İblisler

2.2K 186 4
                                    

    Havanın kokusu, içtiği suyun tadı, hatta insanlar bile tuhaf geliyordu. Orada toplasan on gün bile kalmamıştı ama yine de burası ona artık yabancıydı. Buraya ait hissetmiyordu. Bu his yeni değildi, daha önceleri, yeraltı krallığına gitmeden önceki zamanlarda da vardı bu his ama şimdi çok yoğundu.

   Komik geldi bir an için ve güldü. Daha geleli bir gün olmuştu ama aklından geçenler bunlardı işte. O gece tek bir saniyeyi uyumadan geçirdi Soraya. Sabah erkenden çıktı evden. Kahvaltıyı o günkü gibi tatlı bir çörek ve kahve alarak yaptı. Tadı asla yerin altındaki gibi değildi. Tatlı ama bir o kadarda yavan çöreği masaya attı.
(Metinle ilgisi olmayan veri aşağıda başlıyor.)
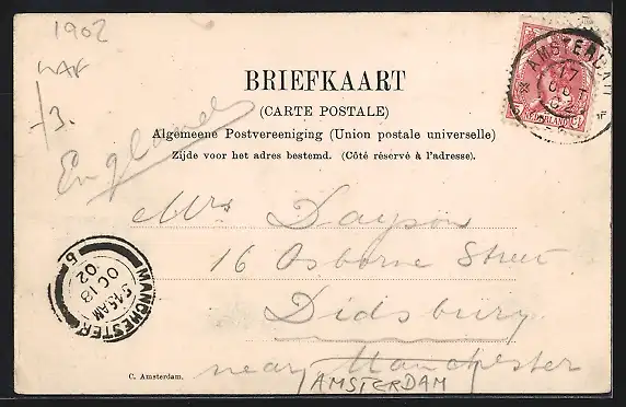 alte Ansichtskarte, gelaufen 1902, Stempelspur, guter Zustand
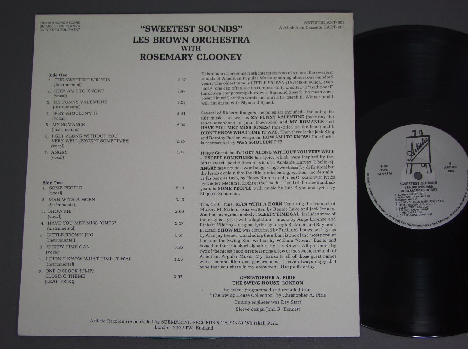 LES BROWN ORCHESTRA/WITH ROSEMARY CLOONEY ART003 製造国:英国盤 / Media:LP外観:EX-盤の状態:EX+ 価格(税込):¥209(売約済) 送料 7inch:定形外郵便 360円~LP:定形外郵便 660円~送料は、注文の最終画面で確認頂けます。 > > LES BROWN ORCHESTRA/WITH ROSEMARY CLOONEY 外観 (EX-)特記事項:底抜け有り。また、その部分に着色補修。表ジャケの右上角にヨレが少々有りますが、ジャケ表面は全体的にスレやスリキズ、よごれ等は薄い感じ。外観EX-の共通説明:ダメージ軽度~多少。 中古品としては普通の状態。シミ、ヨゴレ、スレなど軽く~多少。 盤の状態 (EX+)特記事項:極薄いスリキズ・スレ少し。一見してきれいな状態です。盤EX+の共通説明:盤面の極薄いスリキズ、スレ少し程度 音に出そうなものは無いように見える(極軽微なソフトティック音は除く)。 Tweet それぞれの画像をクリックすると、大きい写真が見られます こちらの商品もお勧めです 1,320円 SHARKEY AND HIS KINGS OF DIXIELAND / MIDNIGHT ON BOURBON STREET 550円 DOWN TOWN JAZZ BAND / DIXIELAND FESTIVAL 1,100円 RICHIE COLE / ALIVE AT THE VILLAGE VANGUARD 990円 CLANCY HAYES / SWINGIN` MINSTREL AUTOGRAPHED ( RALPH SUTTON )SWINGIN` MINSTREL (RALPH SUTTON サイン付) 1,100円 RAINIER JAZZ BAND / CAKEWALK INTO TOWN 770円 DOC EVANS / DIXIELAND CONCERT PLAYED AT THE WALKER ART CENTER 1,100円 FREEMAN-WETTLING etc / COMMODORE STYLE 1938 & 44 1,320円 RALPH SUTTON / BIX BEIDERBECKE SUITE AUTOGRAPHEDBIX BEIDERBECKE SUITE サイン付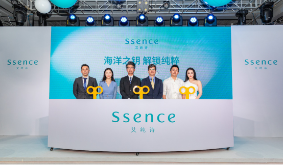當(dāng)天,Ssence全新品牌發(fā)布會現(xiàn)場被打造成蔚藍(lán)世界。以“海洋之鑰,解鎖純粹”為主題,品牌精簡、純粹的格調(diào)在現(xiàn)場得以體現(xiàn)。

    Arkasına uzanıp uzak kaldığı telefonunu kurcaladı. Her şey bıraktığı gibiydi. Sanki yerin üstünde zaman durmuştu. Öyle değildi tabi ki. Yerin üstü ile altı arasında gece gündüzden başka fark yoktu. Büyülü dünyaları hariç. Günler onun gittiğinden beri geçmişti. Sadece Soraya'nın hayatı hep böyleydi. Sıradan, dünün aynı.

    Kitapçı dükkanına gelen kimse olmamıştı. Havanın kararmasını beklemeye gerek görmedi. Dükkanın kapısını kilitleyip yola çıktı. Durağa kadar yürürken o gün ki gibi bir his doldu yine içine. Arkasına baktı ama kimse yoktu.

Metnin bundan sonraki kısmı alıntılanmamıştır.